During the past few pages I have raised several
examples of the decline of moral principle. A book could be devoted solely to
the manifestations of it. But such a study is not within the purposes of this
present essay. The question we are really concerned with here is the question
of "Are we to hold principles?"
So that we would take this question seriously, it has been necessary to
become sensitive to the challenge that has been thrown up to morality. Present
day Americans do not resoundingly answer "yes" to the question.
The answer, of course, must be
"yes." Principles are
essential. We must have them and they must be sound libertarian principles
cementing a social relationship that will make possible emergent life. But as
with all things, the mere answer is not enough. We must appreciate fully the
compulsion of the answer, and the
appreciation must be emotional as well as mental.

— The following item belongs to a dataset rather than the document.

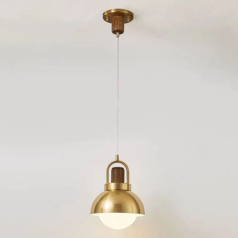 Изящная купольная форма, выполненная в благородном золотом цвете, гармонично дополнена теплым акцентом натурального дерева в виде цилиндра.
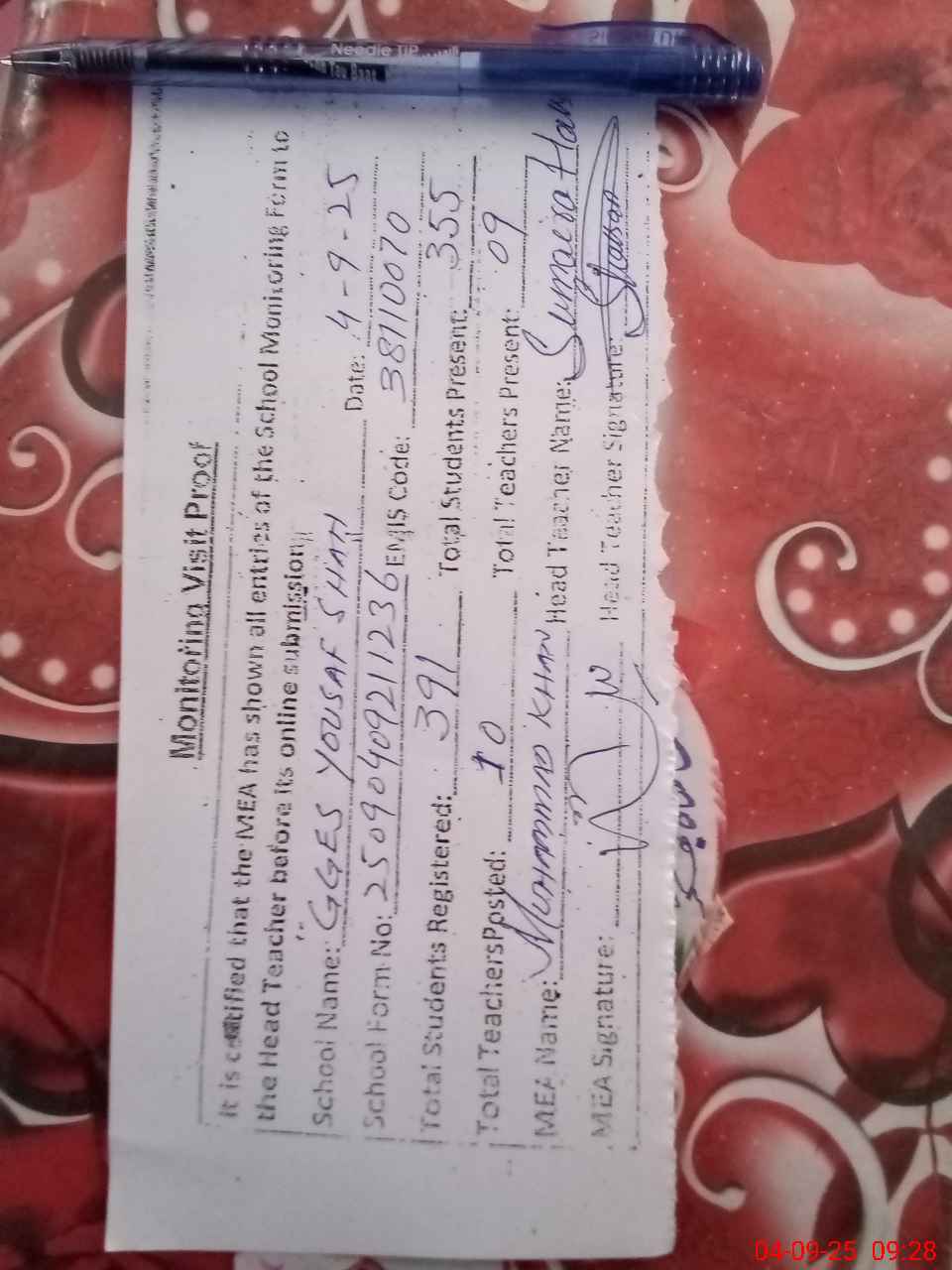 | Attendance Register | Head Teacher | MEA with School | Visit Proof |

When I read Tolstoy's War and Peace, I
was struck by the great problems raised in that book. His novel places flesh
and blood around the issue of morality. To appreciate fully the need for moral principles a person must see what
they mean to human beings in
terms of the joys and agonies of actual life.
War and Peace is a good place to gain this perspective.
Tolstoy himself did not discuss the relation of morality as such to the great
perplexing problem he raised, but he expressed the problem powerfully and it is
a problem to which morality is the only answer.
What is this perplexity of which he
wrote? And how does morality relate to it?
The firing-squad scene best expresses Tolstoy's perplexity. Pierre, one of the book's main characters, has been arrested in Moscow by Napoleon's troops and charged with being an incendiary engaged in burning the city. Pierre is led with a group of prisoners to a garden in which a post has been erected. A French official comes before the prisoners and reads a sentence of death. Tolstoy described the scene that followed:
“Then two couples
of French soldiers came up to the prisoners by the instruction of an officer,
and took the two convicts who stood at the head. The convicts went up to the
post, stopped there, and while the sacks were being brought, they looked dumbly
about them, as a wild beast at bay looks at the approaching hunter. One of them
kept on crossing himself, the other scratched his back and worked his lips into
the semblance of a smile. The soldiers with hurrying fingers bandaged their
eyes, put the sacks over their heads and bound them to the post.
“A dozen sharpshooters, with muskets, stepped
out of the ranks with a fine, regular tread, and halted eight paces from the
post. Pierre turned away not to see
what was coming. There was a sudden bang and rattle that seemed to Pierre
louder than the most terrific clap of thunder, and he looked round. There was a
cloud of smoke, and the French soldiers, with trembling hands and pale faces,
were doing something in it in the pit. The next two were led up . . . .”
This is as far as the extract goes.